Some reactions to The This: Brian Cregg admires, but does not love, the novel. A more expansive (though of course not necessarily more accurate) response to the novel from Alan Jacobs, here. Goodreads is currently running at 4.5 out of 5, Buzzmag seems to like the book (or have I misunderstood?) and there are various other online responses, amazon reviews and so on.
And here is the estimable Phil Christman, praising with reservations The This (and talking a little about my other books too).
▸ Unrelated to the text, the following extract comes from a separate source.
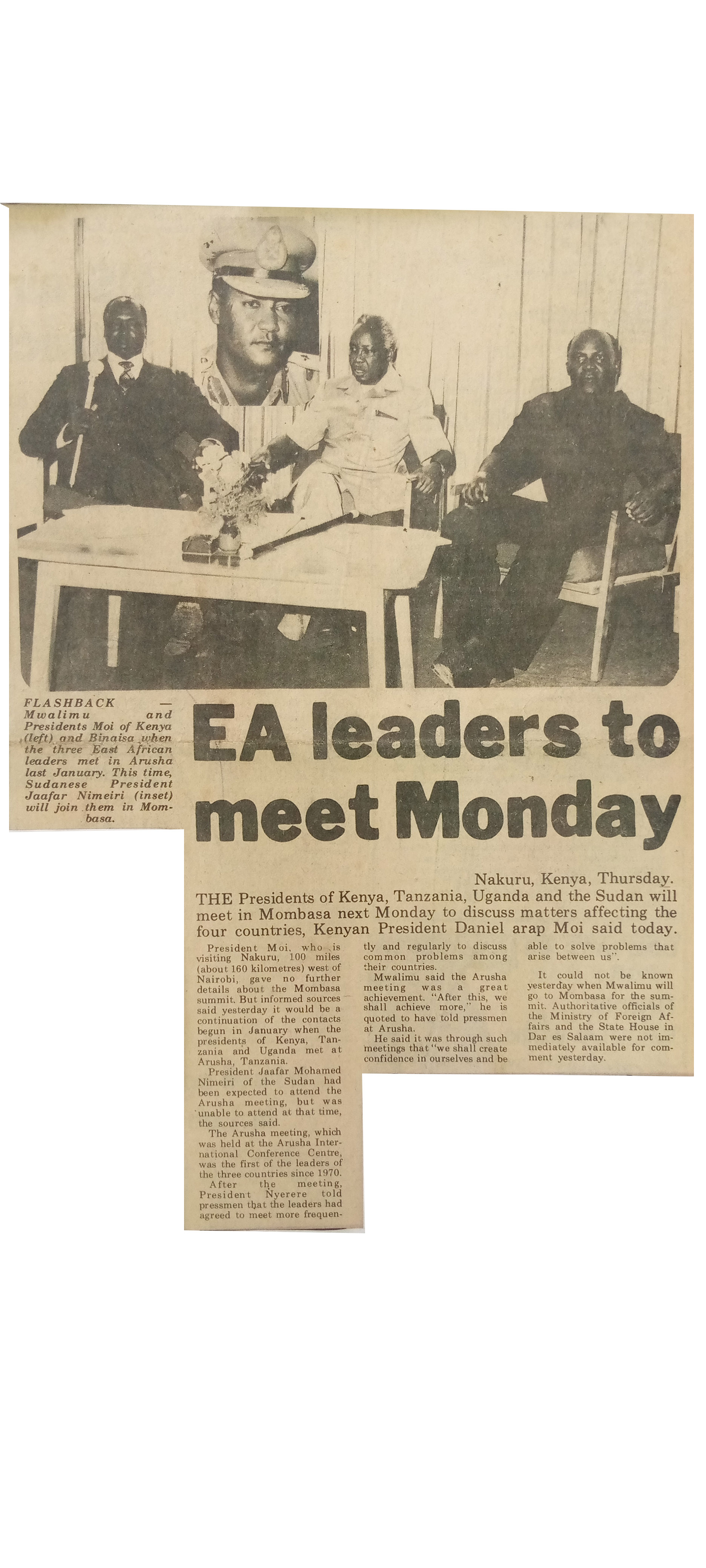 Mwalimu, Presidents Moi, Kenya, Binaisa, East African leaders, Arusha, . Sudanese President, Jaafar Nimeiri, Mombosa

Roberts’s more recent books have taken an apocalyptic turn. He wrote a nonfiction study of apocalyptic media that just came out in November ... last year’s Purgatory Mount was apocalyptic, too—an attempt to guess where this will all end. Both it and The This gave me actual nightmares. (They also have one obvious technical flaw: his American characters sound a little too British. Something about the rhythm is off. It’s not that we never end sentences with an interrogative “, yeah?”, but we don’t do it very often, IME.) ... Roberts is kind of an anomaly: He is so smart, interesting, and productive that remembering he exists in this aggressively stupid mediascape always gives my mood a lift, but his books are so vivid in their depictions of suffering that I always get a little depressed when I read them. He’s not, I want to stress, a “grimdark” science fiction writer: his work is as powerful as it is because he sympathizes very much with people who are weak, imperfect, limited, and well-meaning, and he hates to see them lose everything, as, in this world, they inevitably do. Grimdark writers revel in reminding you that this is the case; they scorn you for ever forgetting it.Sorry for the nightmares, Phil: that's unconscionable of me.